This story is not about me, but is about how the events of December 14th, 2012 will forever affect not only me, but all of us in these United States. I got to work on December 14th of 2012, craving my morning coffee as I do most days, but when I sat down at my desk and logged into Twitter, things looked quite different, to say the least.
A friend who is a journalist for a local Connecticut newspaper posted a concerning, but seemingly innocuous tweet.
One shooter is dead at Newtown, Connecticut elementary school, school is now cleared of shooters.
“Thank God”, I thought to myself. “Thank God a shooter went to an elementary school and only shot himself. Think of how horrible it would have been had he shot others, and, God forbid, some students.”
But then the details began to emerge.
First we heard: 1 dead. Only the gunman. Then we heard: 2 dead; the gunman and the school’s principal was killed. But, by the end of the day, all innocence would be destroyed and we would learn that not only did 7 adults die in this senseless massacre, but 20 children died as well…children in kindergarten. 6-year olds; children that had their entire lives yet to live.
As the death toll began to rise on the 14th, I hoped, prayed even, that children wouldn’t be among the dead, but, somewhere inside of me, I knew that wasn’t the case. Turns out, I was right. 27 dead; 6 adults, the gunman, and…20 children. 20. No first dates, no proms, no graduations, no waiting for college acceptance letters with bated breath, no marriages. 20 lives ripped away from their families before they had even had the opportunity to really live. I cried for the families, I cried for the children. I cried for the teachers at Sandy Hook Elementary. I cried for the entire town. Tragedies such as this are always hard to cope with, but this one happened in practically in my back yard.
As details began to emerge about the shooter and his mental health, the political debates also began to emerge. Gun control or the lack thereof; Healthcare, Health Care reform, and the gaping holes in the mental health care system here in the US, the argument of people over the age of 18 being able to decide whether or not they wanted to take their meds; the very issue of civilians being able to purchase assault rifles. Almost instantly, my friends from other countries began to weigh in as well, mostly on gun control issues. All these conversations were important, and needed to be had, but all I could think about were those 20 children who saw the barrel of a gun instead of Christmas presents. Children who had done nothing wrong, but somehow incurred the wrath of this deranged gunman. Children who had to see something that no-one should ever have to see, much less, a child.
I had to shut the door to my office, because, by 4:30pm, I was openly crying at my desk. No, I didn’t know these children or their families personally, no, didn’t have children of my own, but this massacre was unfathomable. How could this happen? Why did this happen?
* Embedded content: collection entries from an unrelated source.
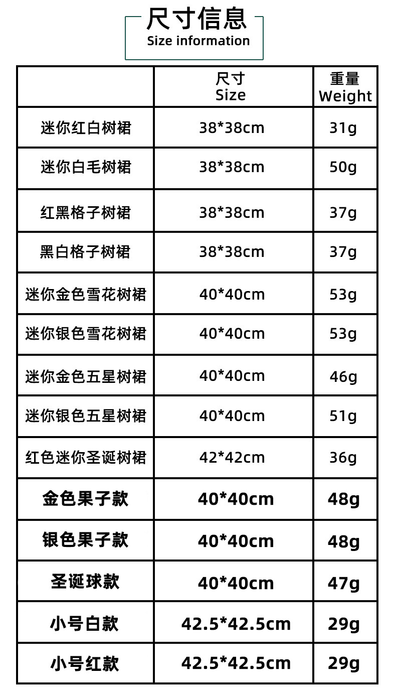 N2-18 ミニ紅白ツリースカート,N2-19 ミニ白髪ツリースカート,N2-20 赤黒チェック柄ツリースカート,N2-21 白黒チェック柄ツリースカート,N2-22 ミニゴールデンスノーフレークツリースカート,N2-23 ミニシルバースノーフレークツリースカート,N2-24 ミニゴールド五つ星ツリースカート,N2-25 ミニシルバー五つ星ツリースカート,N1-40 ブロンズ枝と葉のミニツリースカート,N1-41 シルバー箔押しリーフ ミニツリースカート,N1-42 クリスマスファン ミニツリースカート,N1-43 ホワイトミニツリースカート,N1-44 レッドミニツリースカート
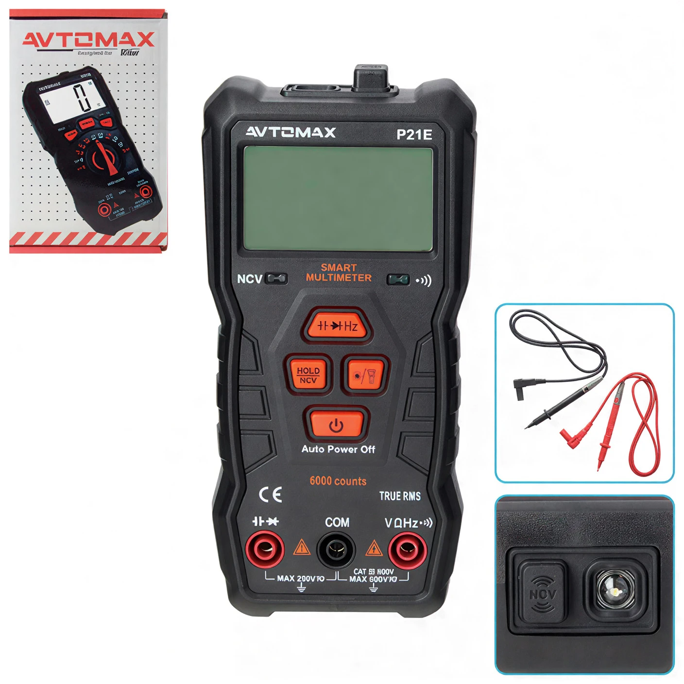 Цифровий мультиметр AVTOMAX P21E — універсальний вимірювальний прилад для точної діагностики електричних ланцюгів у побутових і професійних умовах. Модель поєднує широкий набір функцій, підсвітку дисплея та безконтактне виявлення напруги (NCV), що робить роботу безпечнішою та зручнішою. Компактний корпус і продумана ергономіка дозволяють використовувати прилад як у майстерні, так і на виїзді.
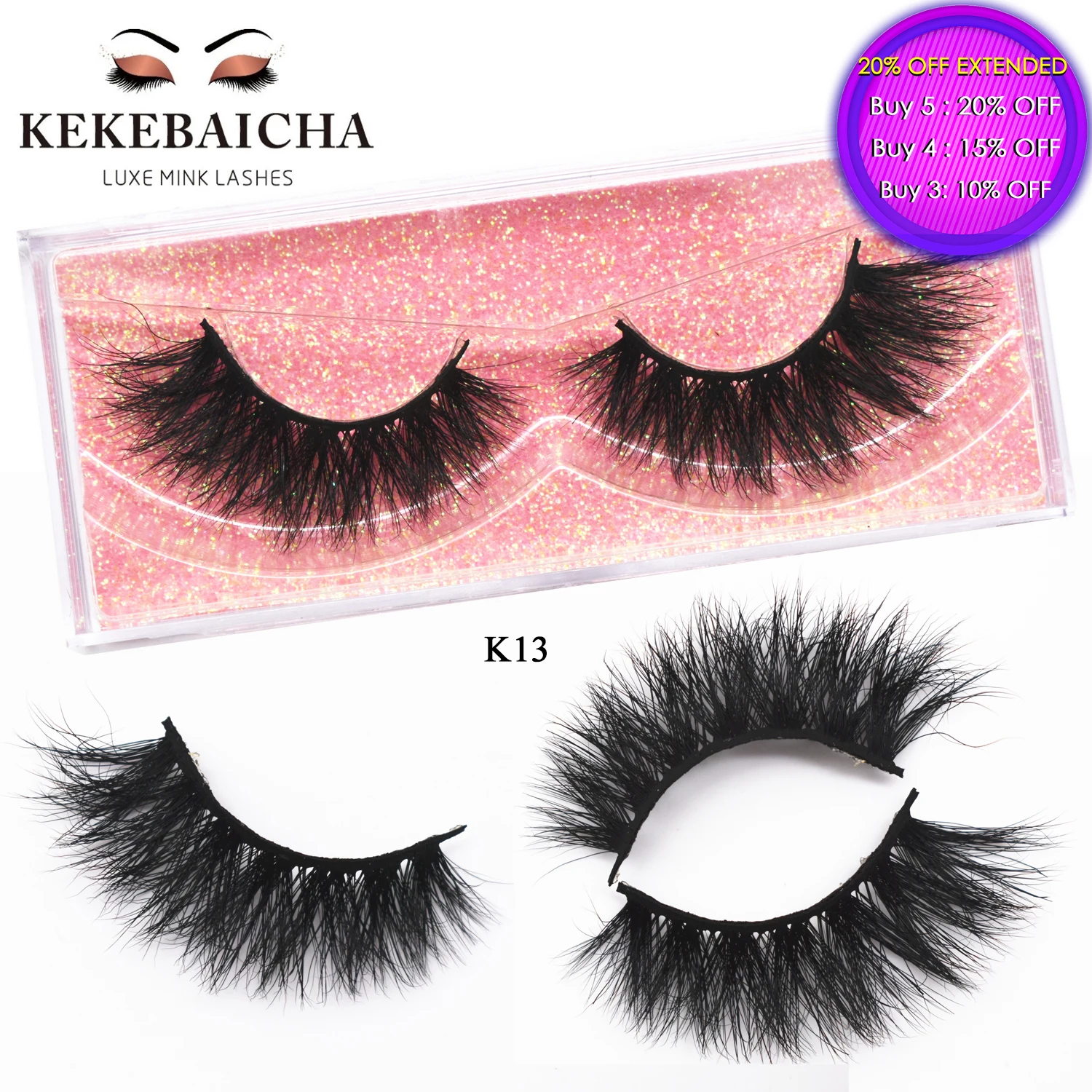 KEKEBAICHA 3D Mink False Eyelashes Natural Wispy Fluffy Dramatic Volume Fake Lashes Extension Handmade Cruelty-free Eyelash K13
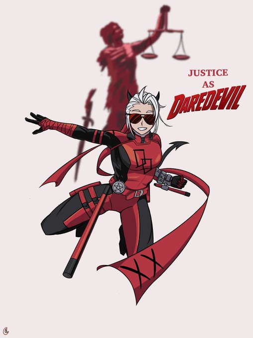 There is a blind character, the color is usually black and red, active in places related to hell, and this character's career is related to the law... So this character is... #Helltaker #Helltakerfanart
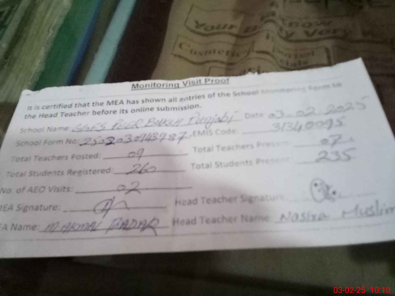 | Total no. of Classrooms: 9 No. of Classrooms Used for Teaching: 8 No. of Classrooms Storing Old Furniture, FTBs, etc: 0Comments if Any: Approved leave of teacher Saba dastgheer pst not Available |

Many questions are still unanswered. We know the gunman’s mother was a teacher at Sandy Hook Elementary. We know she didn’t make it to work that day, because her son took her life that morning before he traveled to the school to take the lives of many others. We know that the mother was a gun enthusiast, who collected guns and brought her children to the gun range. We know that the gunman had a history of mental illness. We know that he was a child of divorce. We know that he shot and killed himself before the authorities could get to him. What we don’t know, is what motivated his murderous rampage.
In heart wrenching situations such as this, we are often left with more questions than answers, but there are several shining beacons of hope. The city of Sandy Hook came together like never before. They are continuing to hold each other up, and are still working toward getting through this, one step at a time. Churches of various faiths have had their doors open and clergy members were and still are ready and willing to lend a hand, an ear, or a shoulder to cry on. The Hudson Valley Golden Retriever Club even sent several dogs down to help with the healing process, but this process will, no doubt, take months, if not years.
One sign in downtown Sandy Hook read “Love will get us through”. The lives of those affected by the shootings at Sandy Hook Elementary will never be the same, that is for certain, but the outpouring of love, support and kindness can at least help restore their faith in humanity.
God bless those affected by this terrible event, and I will continue to keep them in my thoughts and prayers.